Higgs Couplings and Phenomenology in a Warped Extra Dimension

TL;DR

This paper analyzes Higgs boson couplings within Randall-Sundrum models, comparing theoretical predictions with LHC data, and explores the potential for future collider experiments to probe these models.

Contribution

It provides analytic expressions for Higgs couplings in RS models and assesses their experimental constraints and future sensitivities.

Findings

Current LHC data exclude KK gluon masses up to 20 TeV for certain Yukawa couplings.

The analysis constrains RS model parameters using Higgs decay measurements.
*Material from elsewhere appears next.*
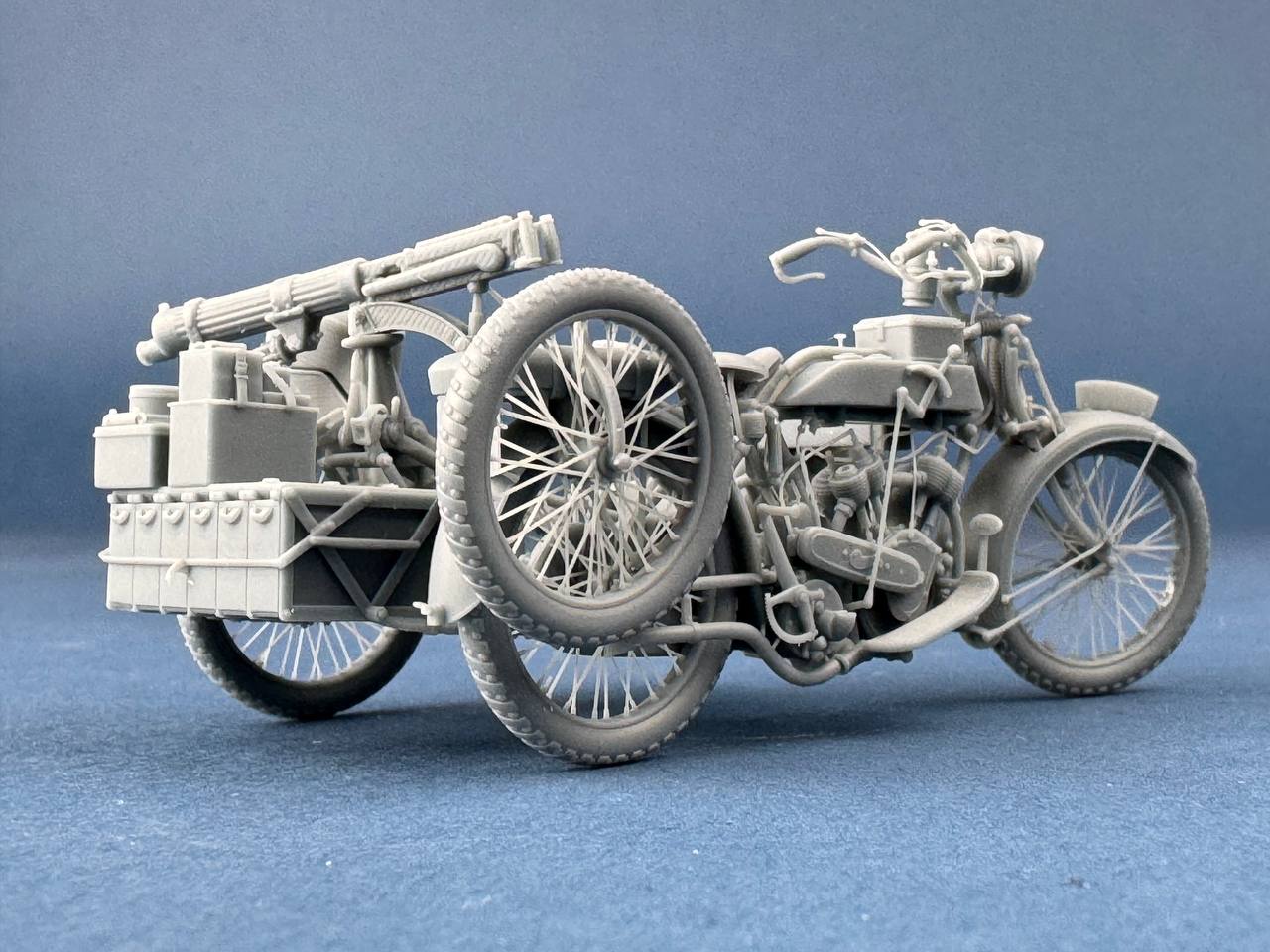 Clyno built large numbers of motorcycles for the British Army throughout the First World War. The majority were sidecar outfits designed to carry a Vickers machine gun. Each carried ammunition, cooling water and spares for the gun together with petrol and spares for the motorbike. An outfit like this would have been accompanied by two others; one carried extra ammunition and the other was a spare gun carrier, brought into use if the first bike broke down. At the Armistice in 1918 the British armed forces had 1,792 Clyno motorcycles, 1,150 at home and 642 overseas, including 478 in France.

Future colliders could significantly improve the sensitivity to RS model signatures.

Abstract

We present a comprehensive description of the Higgs-boson couplings to Standard Model fermions and bosons in Randall-Sundrum (RS) models with a Higgs sector localized on or near the infra-red brane. The analytic results for all relevant Higgs couplings including the loop-induced couplings to gluons and photons are summarized for both the minimal and the custodial RS model. The RS predictions for all relevant Higgs decays are compared with current LHC data, which already exclude significant portions of the parameter space. We show that the latest measurements are sensitive to KK gluon masses up to $20\, \rm{TeV} \times (y_*/3)$ at $95\%$ confidence level for anarchic 5D Yukawa couplings bounded from above by $|(Y_f)_{ij}| < y_*$. We also derive the sensitivity levels attainable in the high-luminosity run of the LHC and at a future linear collider.